Portrait de Mara Fortunatovic
Courtesy Archiraar Gallery, Ixelles © Mara Fortunatovic.
Bien qu’elle soit présentée dans le contexte d’un salon du dessin, Mara Fortunatović œuvre dans le champ de la sculpture, minimaliste et épurée. Mais il est vrai que ses volumes, aux formes courbes, élancées, à la blancheur immaculée, évoquent avec grâce des lignes dessinées qui se seraient aventurées hors d’une feuille de papier pour rejoindre l’espace. Il y a aussi que ces sculptures, anguleuses, géométriques mais, pour certaines, tout en rondeurs, semblent en attente, comme suspendues à l’usage qui pourrait en être fait. À l’image de ces rouleaux de papier (impossibles pourtant à déplier puisqu’ils sont faits d’aluminium peint).
Représentée par les galeries Archiraar (Bruxelles) et Double V (Paris-Marseille).
Mara Fortunatović, Rariores Sylvae, 2015
Courtesy Katharina Hinsberg et Drawing Room, Hamburg / Photo Helge Mundt, Hamburg
À voir à Drawing Now Art Fair
Du 19 au 22 mai
Carreau du Temple • 4 Rue Eugène Spuller, 75003 Paris.
Katharina Hinsberg : papiers suppliciés
Née en 1967 à Karslruhe, vit à Neuss (Allemagne).

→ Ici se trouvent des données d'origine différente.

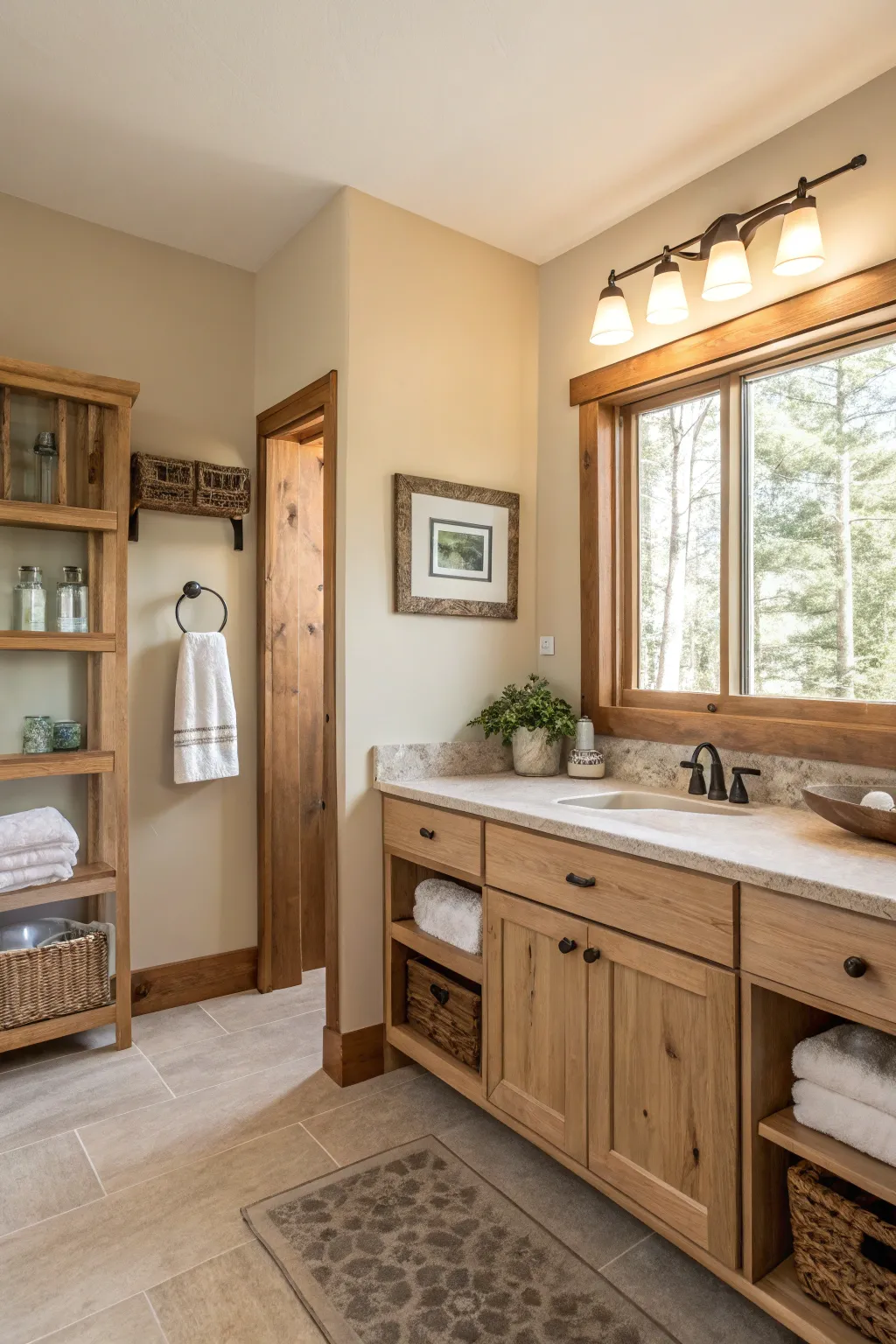 For storage, use open shelves that blend utility and display. It’s a terrific way to have necessities close at hand while displaying lovely towels or decorations.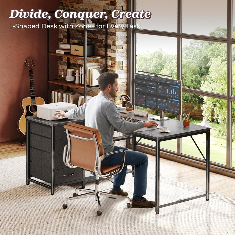 • 【Reversible L Desk with Storage】Utilize your corner space and get 2 distinct work zones with this work desk for home office that adapts to your workflow. Need one side for your laptop and another for your printer, craft projects or gaming setup? This home office desk wraps around you like a command center, giving you more focus than a straight desk ever could. With its reverisble design, this small desk is deal for multitaskers and various home layouts

Portrait de Katharina Hinsberg
© RDarnaud
Pour cette série, Katharina Hinsberg applique des lignes sur du papier blanc à l’aide d’encre de Chine, de graphite ou de crayons de couleur, puis entaille le papier avec un scalpel et un couteau. Les lignes dessinées sont ainsi coupées, leurs cicatrices forment des boursouflures charnues qui se tordent à la surface pour créer une composition sinueuse mais verticale. L’Allemande a par ailleurs l’habitude de déployer dans l’espace de vastes installations graphiques, usant de divers matériaux, comme les pelotes de laine ou les Post-it.
Représentée par Drawing Room (Hambourg).
Katharina Hinsberg, Filet, 2015
© Katharina Hinsberg et Drawing Room, Hamburg / Photo Helge Mundt, Hamburg.

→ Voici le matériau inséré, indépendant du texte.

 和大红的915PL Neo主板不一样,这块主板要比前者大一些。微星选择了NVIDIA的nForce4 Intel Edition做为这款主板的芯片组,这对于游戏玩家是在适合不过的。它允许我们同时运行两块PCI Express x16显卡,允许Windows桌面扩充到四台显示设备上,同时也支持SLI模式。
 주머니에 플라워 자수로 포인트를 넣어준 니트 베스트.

À voir à Drawing Now Art Fair
Du 19 au 22 mai
Carreau du Temple • 4 Rue Eugène Spuller, 75003 Paris.
Cécile Bart : bandes optiques
Née en 1958 à Dijon, vit à Marsannay-la-Côte (Côte-d’Or).
Portrait de Cecile Bart
Photo Anthony Lanneretonne
Ses installations tendent des lamelles ou des écrans de papier translucides et colorés que fait scintiller la lumière en les traversant. Son travail de dessin poursuit de comparables effets chromatiques et prend valeur, comme ici, d’esquisses à ses interventions dans l’espace. Les bandeaux s’entrecroisent et semblent continuer leur route bien au-delà du cadre qui leur est imparti. Cécile Bart, multipliant les interférences (entre l’espace et son motif abstrait, entre les couleurs, les formes et le déplacement du spectateur), crée ainsi un art optique dépouillé de tout effet trop ostentatoire.
Représentée par Gilles Drouault galerie / multiples (Paris).
Cécile Bart, Peinture murale 2 Interferencias (détail), 2013
Courtesy Gilles Drouault galerie/multiples, Paris © Cécile Bart.
À voir à Drawing Now Art Fair
Du 19 au 22 mai
Carreau du Temple • 4 Rue Eugène Spuller, 75003 Paris.
Emmanuel Béranger : un corps en mouvement
Né en 1997 à Nantes, vit à Poitiers.
Portrait d’Emmanuel Beranger
Photo Lucille Saillant
Le travail bondissant d’Emmanuel Béranger trouve place au Carreau du Temple, dans le cadre d’une exposition intitulée « Hyperdrawing », qui se tient simultanément au Frac Picardie ainsi qu’à la Maison de la culture d’Amiens. Sa commissaire, Joana P.R. Neves, propose, à travers des oeuvres réalisées pendant la durée de l’exposition ou juste avant son vernissage, de mettre en avant le geste performatif à l’oeuvre dans le dessin et les règles qu’il se donne. Emmanuel Béranger fait ainsi dépendre le tracé graphique des mouvements de son corps en extension. Du dessin comme une pratique sportive où la ligne visée, n’est pas la ligne d’arrivée.
Emmanuel Béranger, Saut n°2, 2019–2021
Photo Lucille Saillant
À voir à Drawing Now Art Fair
Du 19 au 22 mai
Carreau du Temple • 4 Rue Eugène Spuller, 75003 Paris.